HOW TO COMPLETE THIS TASK:
Copy out precisely the lines from the start of the data through the line with "Hexagonal pendant set", and keep pictures out of it.

Source records:
☆ ☆ ☆ ☆ ☆ ☆ ☆

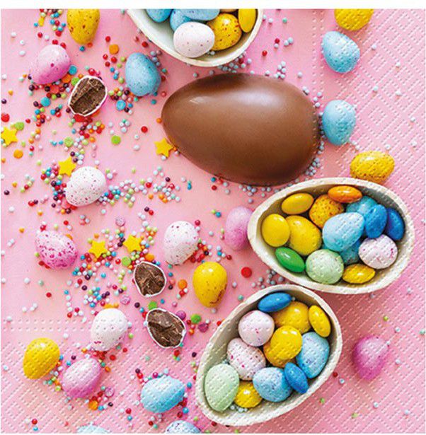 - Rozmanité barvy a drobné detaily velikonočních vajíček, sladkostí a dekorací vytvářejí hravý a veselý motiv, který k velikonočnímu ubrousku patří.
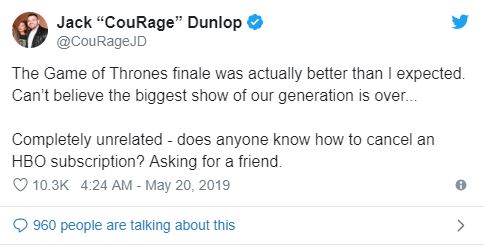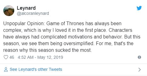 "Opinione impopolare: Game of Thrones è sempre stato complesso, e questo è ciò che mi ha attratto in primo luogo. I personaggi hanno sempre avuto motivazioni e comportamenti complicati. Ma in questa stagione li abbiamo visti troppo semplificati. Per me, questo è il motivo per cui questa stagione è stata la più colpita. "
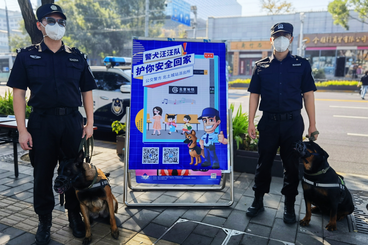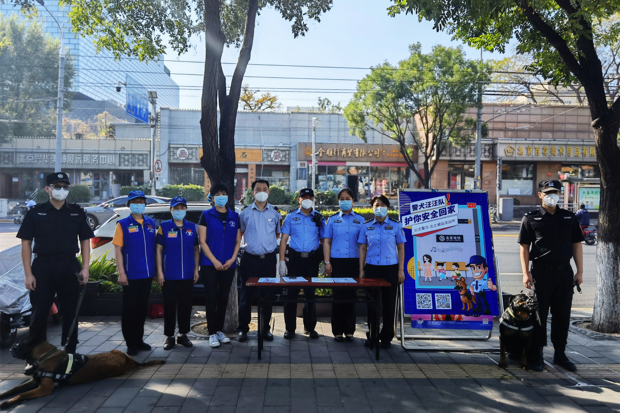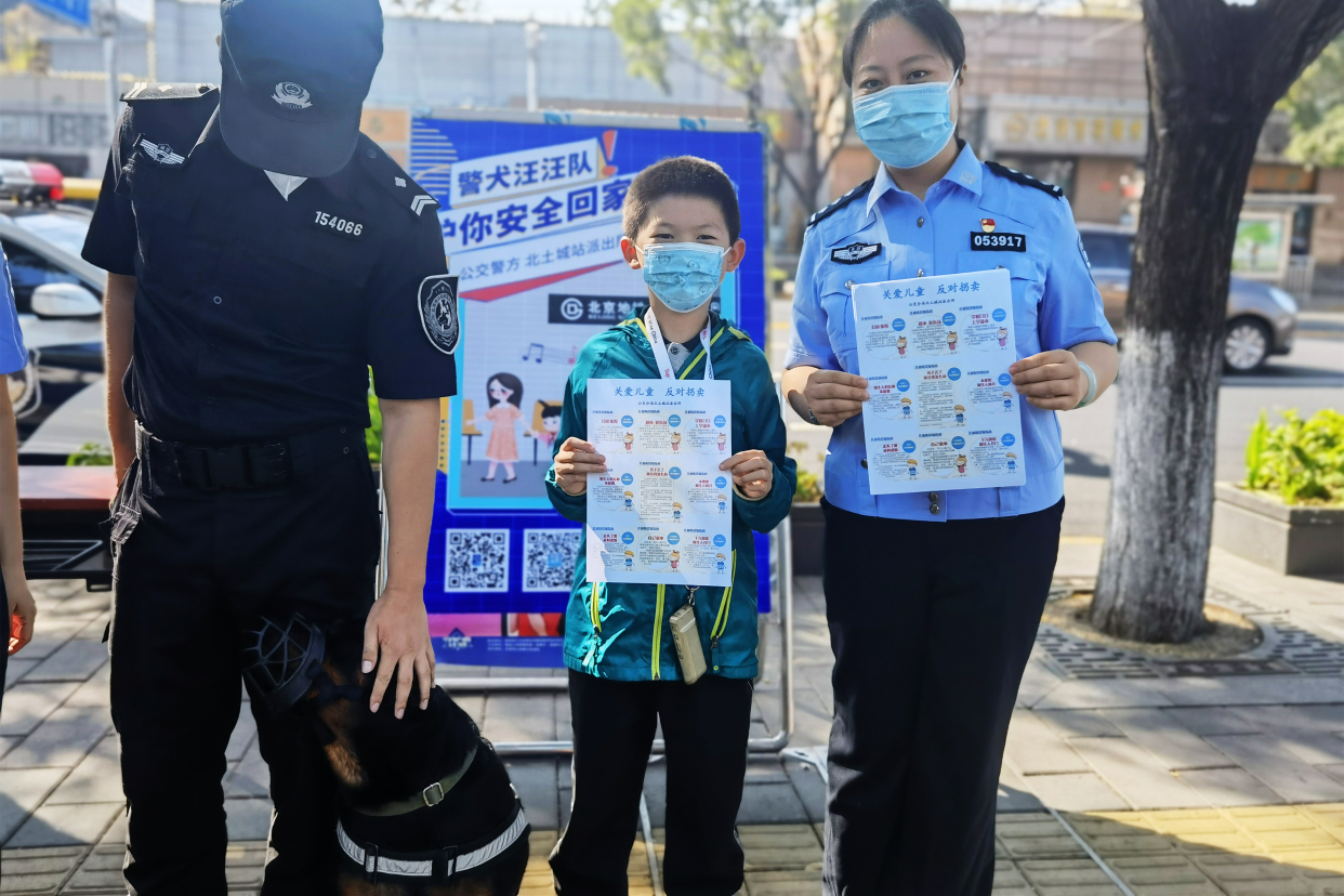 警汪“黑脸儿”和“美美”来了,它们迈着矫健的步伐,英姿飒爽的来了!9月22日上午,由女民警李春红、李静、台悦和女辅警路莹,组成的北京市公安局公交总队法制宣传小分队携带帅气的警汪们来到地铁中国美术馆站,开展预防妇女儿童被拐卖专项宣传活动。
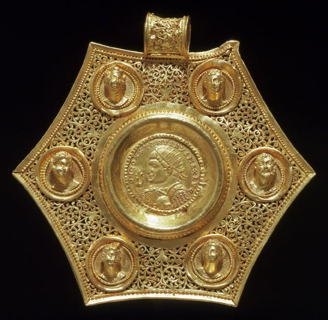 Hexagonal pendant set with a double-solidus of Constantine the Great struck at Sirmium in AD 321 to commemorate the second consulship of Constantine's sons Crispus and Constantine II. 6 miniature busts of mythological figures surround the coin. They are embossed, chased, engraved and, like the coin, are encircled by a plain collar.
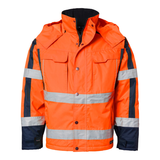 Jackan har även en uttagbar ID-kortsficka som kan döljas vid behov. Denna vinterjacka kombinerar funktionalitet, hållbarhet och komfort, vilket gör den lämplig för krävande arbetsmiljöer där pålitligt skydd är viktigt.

☆ ☆ ☆ ☆ ☆ ☆ ☆

RESPONSE AREA:
 - Rozmanité barvy a drobné detaily velikonočních vajíček, sladkostí a dekorací vytvářejí hravý a veselý motiv, který k velikonočnímu ubrousku patří.
 "Opinione impopolare: Game of Thrones è sempre stato complesso, e questo è ciò che mi ha attratto in primo luogo. I personaggi hanno sempre avuto motivazioni e comportamenti complicati. Ma in questa stagione li abbiamo visti troppo semplificati. Per me, questo è il motivo per cui questa stagione è stata la più colpita. "
 警汪“黑脸儿”和“美美”来了,它们迈着矫健的步伐,英姿飒爽的来了!9月22日上午,由女民警李春红、李静、台悦和女辅警路莹,组成的北京市公安局公交总队法制宣传小分队携带帅气的警汪们来到地铁中国美术馆站,开展预防妇女儿童被拐卖专项宣传活动。
 Hexagonal pendant set with a double-solidus of Constantine the Great struck at Sirmium in AD 321 to commemorate the second consulship of Constantine's sons Crispus and Constantine II. 6 miniature busts of mythological figures surround the coin. They are embossed, chased, engraved and, like the coin, are encircled by a plain collar.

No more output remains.